■ **GIVEN DATA**
################

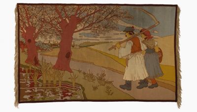A csöndes, békés hangulatot árasztó kárpit egyike az 1900-as Párizsi Világkiállításon bemutatott faliszőnyegeknek. A kiállításon a Faragó Ödön tervezte, Bernstein József és fia által kivitelezett férfi fogadószoba falán függött. Stílusa a kor festészetéhez áll közel. E korai magyar kárpitokat a paraszti élet mindennapi eseményei, a hazai táj szépsége ihlette. Az aratásból hazatérő parasztpár a képmező jobb sarka felől vezető úton ballag a kanyargó ösvény végén előbukkanó, távoli falucskába.
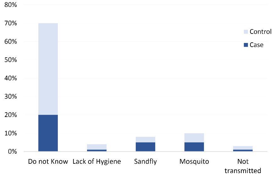 Regarding the knowledge of the VL transmission route, more people in houses with a former VL patient were aware of the transmission route of the disease (“via insects called sandfly/housefly”, which “lives inside bedroom”), but more than 50% of all interviewees knew it is transmitted by a “mosquito”. However, 40% confounded VL with another disease, such as TB and said that respiration, food and bed sharing transmitted VL; 14.3% thought that it was a non-communicable disease (Figure 5).
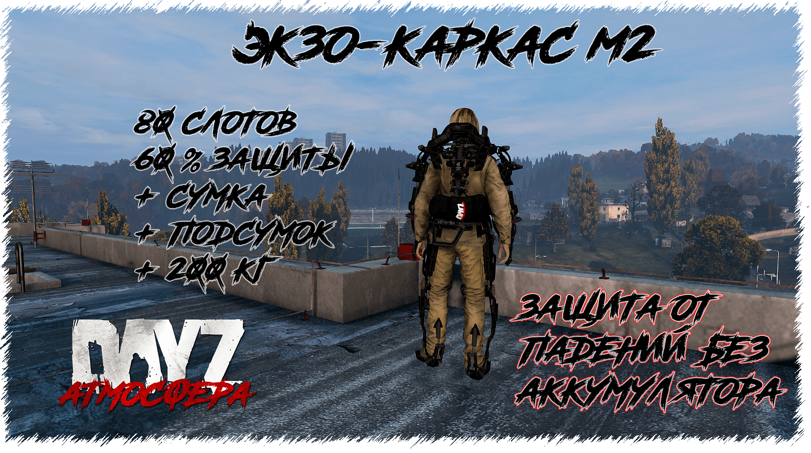Состав: экзо-жилет выживальщика (100 слотов), куртка выживальщика (80 слотов), экзо-пояс выживальщика (100 слотов), штаны выживальщика (80 слотов), капюшон выживальщика, перчатки выживальщика, ботинки выживальщика. Защита от заражения 100%, грузоподъемность 145 кг.

################

■ **WORK TO BE COMPLETED**
Repeat the material exactly. Any picture in it should be dropped.

■ **RESPONSE**
A csöndes, békés hangulatot árasztó kárpit egyike az 1900-as Párizsi Világkiállításon bemutatott faliszőnyegeknek. A kiállításon a Faragó Ödön tervezte, Bernstein József és fia által kivitelezett férfi fogadószoba falán függött. Stílusa a kor festészetéhez áll közel. E korai magyar kárpitokat a paraszti élet mindennapi eseményei, a hazai táj szépsége ihlette. Az aratásból hazatérő parasztpár a képmező jobb sarka felől vezető úton ballag a kanyargó ösvény végén előbukkanó, távoli falucskába.
 Regarding the knowledge of the VL transmission route, more people in houses with a former VL patient were aware of the transmission route of the disease (“via insects called sandfly/housefly”, which “lives inside bedroom”), but more than 50% of all interviewees knew it is transmitted by a “mosquito”. However, 40% confounded VL with another disease, such as TB and said that respiration, food and bed sharing transmitted VL; 14.3% thought that it was a non-communicable disease (Figure 5).
Состав: экзо-жилет выживальщика (100 слотов), куртка выживальщика (80 слотов), экзо-пояс выживальщика (100 слотов), штаны выживальщика (80 слотов), капюшон выживальщика, перчатки выживальщика, ботинки выживальщика. Защита от заражения 100%, грузоподъемность 145 кг.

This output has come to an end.